--- Data for analysis ---
=== Begin Enclosure ===

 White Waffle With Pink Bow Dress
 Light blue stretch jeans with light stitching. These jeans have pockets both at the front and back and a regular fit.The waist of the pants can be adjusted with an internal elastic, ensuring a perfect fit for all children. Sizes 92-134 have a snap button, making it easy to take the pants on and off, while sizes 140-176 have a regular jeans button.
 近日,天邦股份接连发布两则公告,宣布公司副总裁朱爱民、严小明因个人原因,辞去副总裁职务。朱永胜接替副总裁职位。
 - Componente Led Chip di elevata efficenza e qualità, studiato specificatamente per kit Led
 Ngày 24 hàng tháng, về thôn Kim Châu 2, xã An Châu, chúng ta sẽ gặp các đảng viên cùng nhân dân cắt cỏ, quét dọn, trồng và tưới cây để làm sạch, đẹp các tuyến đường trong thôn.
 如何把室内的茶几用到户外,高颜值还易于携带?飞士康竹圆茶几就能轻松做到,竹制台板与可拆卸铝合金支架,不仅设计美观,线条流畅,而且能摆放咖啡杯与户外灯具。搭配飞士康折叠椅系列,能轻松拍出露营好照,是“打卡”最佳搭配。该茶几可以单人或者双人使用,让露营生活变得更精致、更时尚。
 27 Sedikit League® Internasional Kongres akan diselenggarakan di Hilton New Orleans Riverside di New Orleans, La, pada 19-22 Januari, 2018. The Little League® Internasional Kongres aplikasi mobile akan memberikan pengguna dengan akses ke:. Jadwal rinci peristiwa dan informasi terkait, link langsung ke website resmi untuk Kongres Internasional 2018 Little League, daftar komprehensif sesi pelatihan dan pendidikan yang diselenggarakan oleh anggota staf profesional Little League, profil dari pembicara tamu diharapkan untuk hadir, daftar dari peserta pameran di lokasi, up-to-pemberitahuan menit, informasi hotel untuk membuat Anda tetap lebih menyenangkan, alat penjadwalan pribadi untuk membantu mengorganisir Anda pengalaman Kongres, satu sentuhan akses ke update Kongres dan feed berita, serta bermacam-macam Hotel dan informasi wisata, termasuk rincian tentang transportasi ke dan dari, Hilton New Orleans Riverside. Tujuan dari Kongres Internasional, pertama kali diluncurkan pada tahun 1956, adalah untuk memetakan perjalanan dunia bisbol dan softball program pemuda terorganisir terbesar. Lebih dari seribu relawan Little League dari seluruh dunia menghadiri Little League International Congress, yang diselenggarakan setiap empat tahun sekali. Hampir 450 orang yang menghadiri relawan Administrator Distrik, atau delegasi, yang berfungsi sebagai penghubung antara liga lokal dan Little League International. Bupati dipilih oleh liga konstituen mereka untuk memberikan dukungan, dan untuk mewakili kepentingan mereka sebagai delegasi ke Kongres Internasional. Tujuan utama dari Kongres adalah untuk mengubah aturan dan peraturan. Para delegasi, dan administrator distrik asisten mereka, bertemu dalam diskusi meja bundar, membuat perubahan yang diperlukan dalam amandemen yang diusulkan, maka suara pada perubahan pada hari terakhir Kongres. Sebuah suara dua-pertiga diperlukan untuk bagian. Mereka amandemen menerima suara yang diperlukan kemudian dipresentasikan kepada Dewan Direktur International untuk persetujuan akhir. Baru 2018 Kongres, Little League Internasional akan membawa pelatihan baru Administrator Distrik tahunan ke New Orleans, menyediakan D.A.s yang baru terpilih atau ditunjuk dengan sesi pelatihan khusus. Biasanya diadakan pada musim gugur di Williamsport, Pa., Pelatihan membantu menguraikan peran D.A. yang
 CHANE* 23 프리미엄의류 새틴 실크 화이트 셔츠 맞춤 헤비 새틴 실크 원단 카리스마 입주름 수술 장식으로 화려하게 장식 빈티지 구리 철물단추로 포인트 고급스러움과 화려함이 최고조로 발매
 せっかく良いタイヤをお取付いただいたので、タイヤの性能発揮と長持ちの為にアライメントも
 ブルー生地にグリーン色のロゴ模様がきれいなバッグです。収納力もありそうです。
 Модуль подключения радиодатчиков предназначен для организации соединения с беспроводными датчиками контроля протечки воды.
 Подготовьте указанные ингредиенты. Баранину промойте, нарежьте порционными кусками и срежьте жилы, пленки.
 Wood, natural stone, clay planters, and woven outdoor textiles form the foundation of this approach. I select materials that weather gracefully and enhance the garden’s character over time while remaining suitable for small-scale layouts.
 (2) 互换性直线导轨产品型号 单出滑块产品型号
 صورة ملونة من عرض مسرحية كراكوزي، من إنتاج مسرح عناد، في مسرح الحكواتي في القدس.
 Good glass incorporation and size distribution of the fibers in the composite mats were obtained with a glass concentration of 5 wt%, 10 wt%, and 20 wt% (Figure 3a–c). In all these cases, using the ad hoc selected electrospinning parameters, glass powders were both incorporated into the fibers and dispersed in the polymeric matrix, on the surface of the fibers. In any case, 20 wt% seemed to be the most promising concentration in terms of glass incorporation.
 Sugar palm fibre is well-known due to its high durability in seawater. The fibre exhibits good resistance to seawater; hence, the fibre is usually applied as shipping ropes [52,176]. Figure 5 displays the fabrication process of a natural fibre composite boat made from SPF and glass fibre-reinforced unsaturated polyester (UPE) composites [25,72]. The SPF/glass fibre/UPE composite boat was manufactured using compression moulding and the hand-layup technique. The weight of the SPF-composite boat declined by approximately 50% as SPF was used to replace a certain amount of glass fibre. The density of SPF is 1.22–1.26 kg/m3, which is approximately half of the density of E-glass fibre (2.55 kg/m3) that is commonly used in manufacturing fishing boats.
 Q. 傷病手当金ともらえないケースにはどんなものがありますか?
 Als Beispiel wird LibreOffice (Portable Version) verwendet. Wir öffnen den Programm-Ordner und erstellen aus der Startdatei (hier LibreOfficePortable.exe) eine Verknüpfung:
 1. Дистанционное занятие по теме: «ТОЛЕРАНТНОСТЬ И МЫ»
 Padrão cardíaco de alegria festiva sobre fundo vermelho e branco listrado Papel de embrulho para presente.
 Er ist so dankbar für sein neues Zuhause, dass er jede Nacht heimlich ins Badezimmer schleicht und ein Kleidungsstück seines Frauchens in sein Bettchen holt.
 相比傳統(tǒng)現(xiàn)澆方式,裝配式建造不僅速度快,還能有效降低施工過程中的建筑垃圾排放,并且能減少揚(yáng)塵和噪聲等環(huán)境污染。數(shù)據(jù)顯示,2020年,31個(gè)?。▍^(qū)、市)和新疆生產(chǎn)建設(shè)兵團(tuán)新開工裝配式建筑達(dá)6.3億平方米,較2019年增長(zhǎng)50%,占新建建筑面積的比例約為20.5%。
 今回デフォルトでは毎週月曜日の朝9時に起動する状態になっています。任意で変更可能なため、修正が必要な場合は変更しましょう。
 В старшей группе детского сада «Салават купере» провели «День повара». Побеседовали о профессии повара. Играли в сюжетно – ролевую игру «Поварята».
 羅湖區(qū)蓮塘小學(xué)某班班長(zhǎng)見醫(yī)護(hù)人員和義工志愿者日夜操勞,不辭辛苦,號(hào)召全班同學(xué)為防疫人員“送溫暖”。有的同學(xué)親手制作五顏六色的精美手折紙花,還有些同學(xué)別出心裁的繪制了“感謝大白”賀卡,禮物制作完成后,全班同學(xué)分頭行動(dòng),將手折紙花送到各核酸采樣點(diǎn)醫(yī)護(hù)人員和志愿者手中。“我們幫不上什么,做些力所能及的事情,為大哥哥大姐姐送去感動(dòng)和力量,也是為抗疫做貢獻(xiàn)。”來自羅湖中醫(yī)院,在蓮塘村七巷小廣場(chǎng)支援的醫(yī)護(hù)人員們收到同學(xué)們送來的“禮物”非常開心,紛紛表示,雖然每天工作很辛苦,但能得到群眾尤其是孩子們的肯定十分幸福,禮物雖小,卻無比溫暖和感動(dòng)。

=== End Enclosure ===

--- Work order ---
Reproduce the material exactly, with every line intact.

--- Your solution ---
 White Waffle With Pink Bow Dress
 Light blue stretch jeans with light stitching. These jeans have pockets both at the front and back and a regular fit.The waist of the pants can be adjusted with an internal elastic, ensuring a perfect fit for all children. Sizes 92-134 have a snap button, making it easy to take the pants on and off, while sizes 140-176 have a regular jeans button.
 近日,天邦股份接连发布两则公告,宣布公司副总裁朱爱民、严小明因个人原因,辞去副总裁职务。朱永胜接替副总裁职位。
 - Componente Led Chip di elevata efficenza e qualità, studiato specificatamente per kit Led
 Ngày 24 hàng tháng, về thôn Kim Châu 2, xã An Châu, chúng ta sẽ gặp các đảng viên cùng nhân dân cắt cỏ, quét dọn, trồng và tưới cây để làm sạch, đẹp các tuyến đường trong thôn.
 如何把室内的茶几用到户外,高颜值还易于携带?飞士康竹圆茶几就能轻松做到,竹制台板与可拆卸铝合金支架,不仅设计美观,线条流畅,而且能摆放咖啡杯与户外灯具。搭配飞士康折叠椅系列,能轻松拍出露营好照,是“打卡”最佳搭配。该茶几可以单人或者双人使用,让露营生活变得更精致、更时尚。
 27 Sedikit League® Internasional Kongres akan diselenggarakan di Hilton New Orleans Riverside di New Orleans, La, pada 19-22 Januari, 2018. The Little League® Internasional Kongres aplikasi mobile akan memberikan pengguna dengan akses ke:. Jadwal rinci peristiwa dan informasi terkait, link langsung ke website resmi untuk Kongres Internasional 2018 Little League, daftar komprehensif sesi pelatihan dan pendidikan yang diselenggarakan oleh anggota staf profesional Little League, profil dari pembicara tamu diharapkan untuk hadir, daftar dari peserta pameran di lokasi, up-to-pemberitahuan menit, informasi hotel untuk membuat Anda tetap lebih menyenangkan, alat penjadwalan pribadi untuk membantu mengorganisir Anda pengalaman Kongres, satu sentuhan akses ke update Kongres dan feed berita, serta bermacam-macam Hotel dan informasi wisata, termasuk rincian tentang transportasi ke dan dari, Hilton New Orleans Riverside. Tujuan dari Kongres Internasional, pertama kali diluncurkan pada tahun 1956, adalah untuk memetakan perjalanan dunia bisbol dan softball program pemuda terorganisir terbesar. Lebih dari seribu relawan Little League dari seluruh dunia menghadiri Little League International Congress, yang diselenggarakan setiap empat tahun sekali. Hampir 450 orang yang menghadiri relawan Administrator Distrik, atau delegasi, yang berfungsi sebagai penghubung antara liga lokal dan Little League International. Bupati dipilih oleh liga konstituen mereka untuk memberikan dukungan, dan untuk mewakili kepentingan mereka sebagai delegasi ke Kongres Internasional. Tujuan utama dari Kongres adalah untuk mengubah aturan dan peraturan. Para delegasi, dan administrator distrik asisten mereka, bertemu dalam diskusi meja bundar, membuat perubahan yang diperlukan dalam amandemen yang diusulkan, maka suara pada perubahan pada hari terakhir Kongres. Sebuah suara dua-pertiga diperlukan untuk bagian. Mereka amandemen menerima suara yang diperlukan kemudian dipresentasikan kepada Dewan Direktur International untuk persetujuan akhir. Baru 2018 Kongres, Little League Internasional akan membawa pelatihan baru Administrator Distrik tahunan ke New Orleans, menyediakan D.A.s yang baru terpilih atau ditunjuk dengan sesi pelatihan khusus. Biasanya diadakan pada musim gugur di Williamsport, Pa., Pelatihan membantu menguraikan peran D.A. yang
 CHANE* 23 프리미엄의류 새틴 실크 화이트 셔츠 맞춤 헤비 새틴 실크 원단 카리스마 입주름 수술 장식으로 화려하게 장식 빈티지 구리 철물단추로 포인트 고급스러움과 화려함이 최고조로 발매
 せっかく良いタイヤをお取付いただいたので、タイヤの性能発揮と長持ちの為にアライメントも
 ブルー生地にグリーン色のロゴ模様がきれいなバッグです。収納力もありそうです。
 Модуль подключения радиодатчиков предназначен для организации соединения с беспроводными датчиками контроля протечки воды.
 Подготовьте указанные ингредиенты. Баранину промойте, нарежьте порционными кусками и срежьте жилы, пленки.
 Wood, natural stone, clay planters, and woven outdoor textiles form the foundation of this approach. I select materials that weather gracefully and enhance the garden’s character over time while remaining suitable for small-scale layouts.
 (2) 互换性直线导轨产品型号 单出滑块产品型号
 صورة ملونة من عرض مسرحية كراكوزي، من إنتاج مسرح عناد، في مسرح الحكواتي في القدس.
 Good glass incorporation and size distribution of the fibers in the composite mats were obtained with a glass concentration of 5 wt%, 10 wt%, and 20 wt% (Figure 3a–c). In all these cases, using the ad hoc selected electrospinning parameters, glass powders were both incorporated into the fibers and dispersed in the polymeric matrix, on the surface of the fibers. In any case, 20 wt% seemed to be the most promising concentration in terms of glass incorporation.
 Sugar palm fibre is well-known due to its high durability in seawater. The fibre exhibits good resistance to seawater; hence, the fibre is usually applied as shipping ropes [52,176]. Figure 5 displays the fabrication process of a natural fibre composite boat made from SPF and glass fibre-reinforced unsaturated polyester (UPE) composites [25,72]. The SPF/glass fibre/UPE composite boat was manufactured using compression moulding and the hand-layup technique. The weight of the SPF-composite boat declined by approximately 50% as SPF was used to replace a certain amount of glass fibre. The density of SPF is 1.22–1.26 kg/m3, which is approximately half of the density of E-glass fibre (2.55 kg/m3) that is commonly used in manufacturing fishing boats.
 Q. 傷病手当金ともらえないケースにはどんなものがありますか?
 Als Beispiel wird LibreOffice (Portable Version) verwendet. Wir öffnen den Programm-Ordner und erstellen aus der Startdatei (hier LibreOfficePortable.exe) eine Verknüpfung:
 1. Дистанционное занятие по теме: «ТОЛЕРАНТНОСТЬ И МЫ»
 Padrão cardíaco de alegria festiva sobre fundo vermelho e branco listrado Papel de embrulho para presente.
 Er ist so dankbar für sein neues Zuhause, dass er jede Nacht heimlich ins Badezimmer schleicht und ein Kleidungsstück seines Frauchens in sein Bettchen holt.
 相比傳統(tǒng)現(xiàn)澆方式,裝配式建造不僅速度快,還能有效降低施工過程中的建筑垃圾排放,并且能減少揚(yáng)塵和噪聲等環(huán)境污染。數(shù)據(jù)顯示,2020年,31個(gè)?。▍^(qū)、市)和新疆生產(chǎn)建設(shè)兵團(tuán)新開工裝配式建筑達(dá)6.3億平方米,較2019年增長(zhǎng)50%,占新建建筑面積的比例約為20.5%。
 今回デフォルトでは毎週月曜日の朝9時に起動する状態になっています。任意で変更可能なため、修正が必要な場合は変更しましょう。
 В старшей группе детского сада «Салават купере» провели «День повара». Побеседовали о профессии повара. Играли в сюжетно – ролевую игру «Поварята».
 羅湖區(qū)蓮塘小學(xué)某班班長(zhǎng)見醫(yī)護(hù)人員和義工志愿者日夜操勞,不辭辛苦,號(hào)召全班同學(xué)為防疫人員“送溫暖”。有的同學(xué)親手制作五顏六色的精美手折紙花,還有些同學(xué)別出心裁的繪制了“感謝大白”賀卡,禮物制作完成后,全班同學(xué)分頭行動(dòng),將手折紙花送到各核酸采樣點(diǎn)醫(yī)護(hù)人員和志愿者手中。“我們幫不上什么,做些力所能及的事情,為大哥哥大姐姐送去感動(dòng)和力量,也是為抗疫做貢獻(xiàn)。”來自羅湖中醫(yī)院,在蓮塘村七巷小廣場(chǎng)支援的醫(yī)護(hù)人員們收到同學(xué)們送來的“禮物”非常開心,紛紛表示,雖然每天工作很辛苦,但能得到群眾尤其是孩子們的肯定十分幸福,禮物雖小,卻無比溫暖和感動(dòng)。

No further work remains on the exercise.